--- Records for processing ---

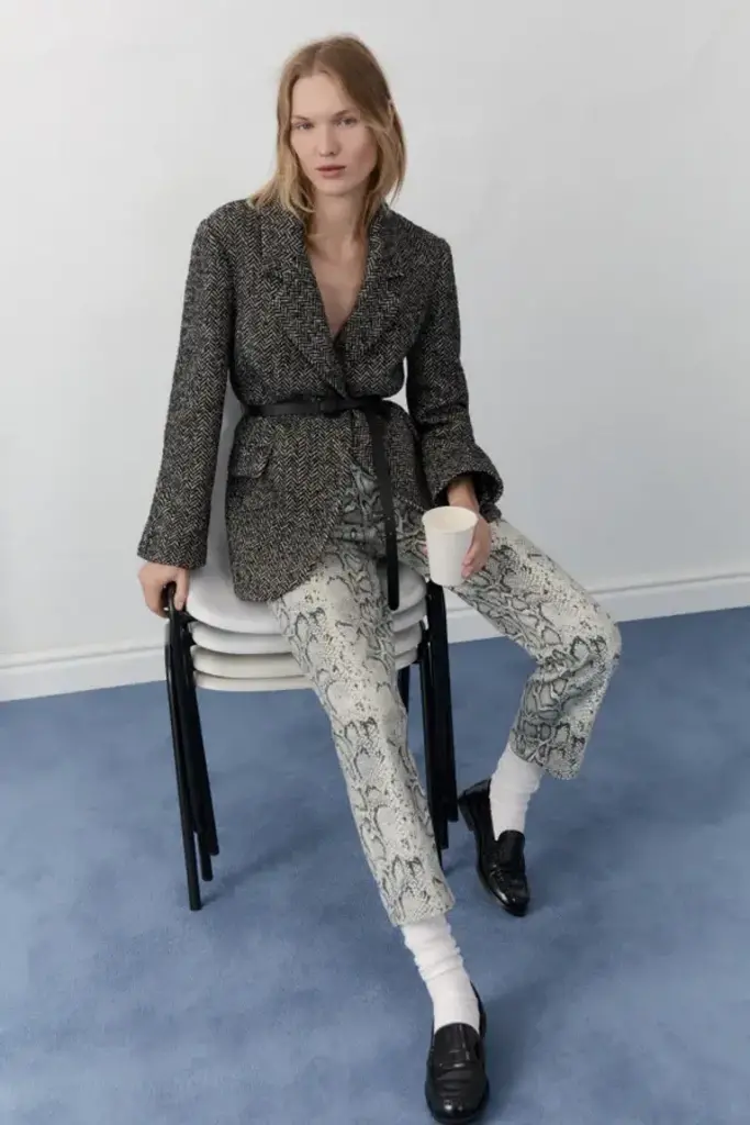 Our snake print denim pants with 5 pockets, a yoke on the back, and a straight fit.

---
--- Records for processing ---

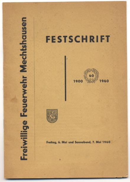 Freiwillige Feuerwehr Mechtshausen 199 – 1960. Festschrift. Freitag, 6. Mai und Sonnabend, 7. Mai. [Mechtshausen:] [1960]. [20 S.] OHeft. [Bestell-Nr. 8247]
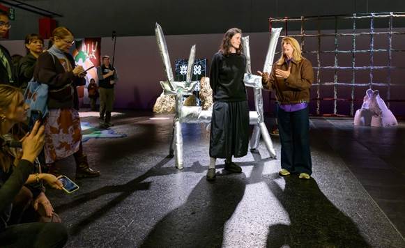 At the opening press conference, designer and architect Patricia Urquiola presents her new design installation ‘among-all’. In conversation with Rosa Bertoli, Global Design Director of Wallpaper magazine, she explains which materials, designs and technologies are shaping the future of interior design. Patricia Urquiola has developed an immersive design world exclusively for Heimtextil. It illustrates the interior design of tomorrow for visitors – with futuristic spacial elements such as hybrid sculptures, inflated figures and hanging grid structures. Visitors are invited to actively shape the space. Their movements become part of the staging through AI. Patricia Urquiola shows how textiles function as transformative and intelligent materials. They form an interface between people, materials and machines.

---

What the exercise asks: Only one part of the material above is wanted: the lines from the one with "Freiwillige Feuerwehr Mechtshausen" up to and including the one with "At the opening". Please copy them exactly, pictures left out.

Exercise result:
 Freiwillige Feuerwehr Mechtshausen 199 – 1960. Festschrift. Freitag, 6. Mai und Sonnabend, 7. Mai. [Mechtshausen:] [1960]. [20 S.] OHeft. [Bestell-Nr. 8247]
 At the opening press conference, designer and architect Patricia Urquiola presents her new design installation ‘among-all’. In conversation with Rosa Bertoli, Global Design Director of Wallpaper magazine, she explains which materials, designs and technologies are shaping the future of interior design. Patricia Urquiola has developed an immersive design world exclusively for Heimtextil. It illustrates the interior design of tomorrow for visitors – with futuristic spacial elements such as hybrid sculptures, inflated figures and hanging grid structures. Visitors are invited to actively shape the space. Their movements become part of the staging through AI. Patricia Urquiola shows how textiles function as transformative and intelligent materials. They form an interface between people, materials and machines.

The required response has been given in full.